- **Source information**:
--*--

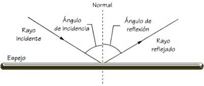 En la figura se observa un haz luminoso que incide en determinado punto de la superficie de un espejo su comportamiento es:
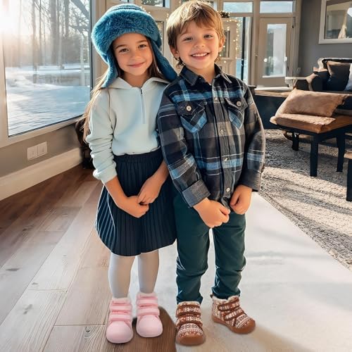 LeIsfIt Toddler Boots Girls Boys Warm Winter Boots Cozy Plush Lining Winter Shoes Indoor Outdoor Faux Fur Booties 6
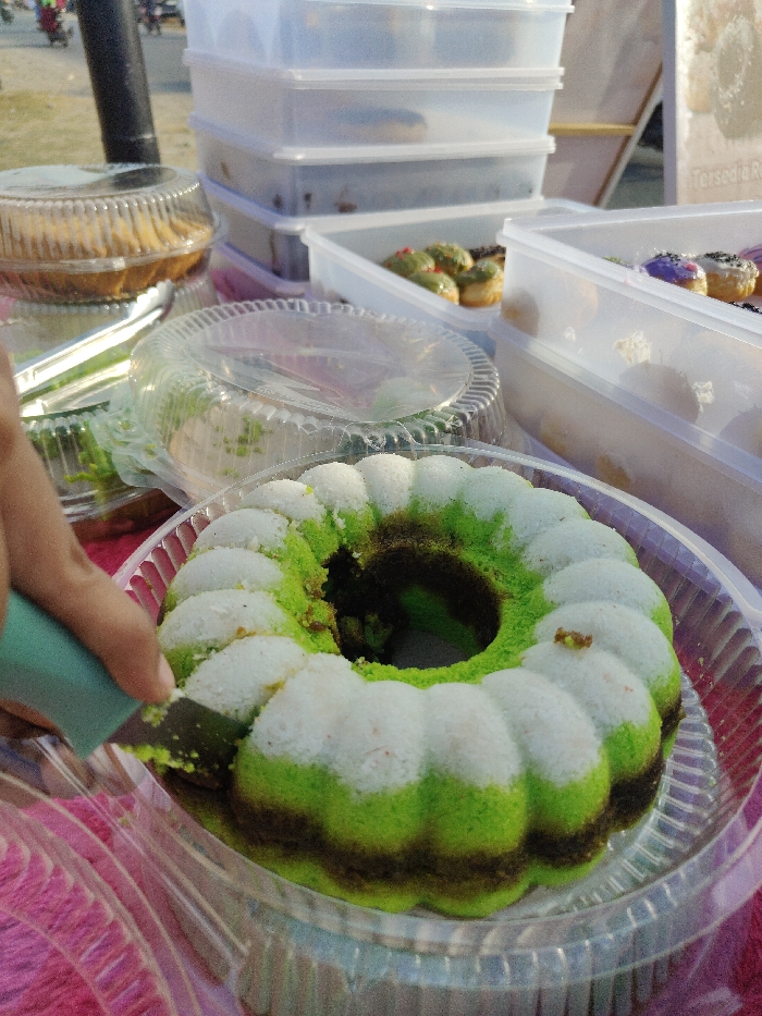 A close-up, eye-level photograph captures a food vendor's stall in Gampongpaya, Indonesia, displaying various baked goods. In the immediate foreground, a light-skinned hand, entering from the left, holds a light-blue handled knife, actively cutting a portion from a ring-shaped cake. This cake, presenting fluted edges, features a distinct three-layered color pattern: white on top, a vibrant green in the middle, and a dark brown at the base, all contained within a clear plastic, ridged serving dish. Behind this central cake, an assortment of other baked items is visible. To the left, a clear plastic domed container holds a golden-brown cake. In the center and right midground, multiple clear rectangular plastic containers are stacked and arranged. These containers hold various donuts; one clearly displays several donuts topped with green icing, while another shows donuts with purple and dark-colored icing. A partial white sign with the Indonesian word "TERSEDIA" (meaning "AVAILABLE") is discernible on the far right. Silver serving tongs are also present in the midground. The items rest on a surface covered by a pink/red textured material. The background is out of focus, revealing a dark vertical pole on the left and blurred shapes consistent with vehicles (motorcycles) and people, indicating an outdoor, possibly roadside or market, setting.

--*--

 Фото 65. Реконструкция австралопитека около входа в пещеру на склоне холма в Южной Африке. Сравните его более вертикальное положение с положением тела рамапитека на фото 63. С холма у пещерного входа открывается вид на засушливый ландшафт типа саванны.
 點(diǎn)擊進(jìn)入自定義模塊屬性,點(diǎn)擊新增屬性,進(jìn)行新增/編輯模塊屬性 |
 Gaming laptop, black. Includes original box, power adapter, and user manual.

--*--

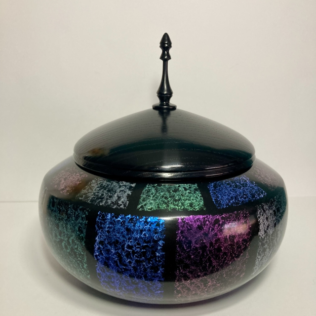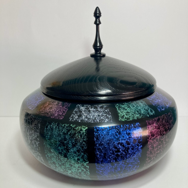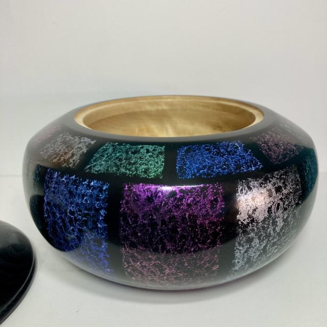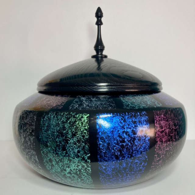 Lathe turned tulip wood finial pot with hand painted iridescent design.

--*--

The answer is the lines of the material above, from the one containing "En la figura" down to the one containing "LeIsfIt Toddler Boots", given exactly and without images.

 En la figura se observa un haz luminoso que incide en determinado punto de la superficie de un espejo su comportamiento es:
 LeIsfIt Toddler Boots Girls Boys Warm Winter Boots Cozy Plush Lining Winter Shoes Indoor Outdoor Faux Fur Booties 6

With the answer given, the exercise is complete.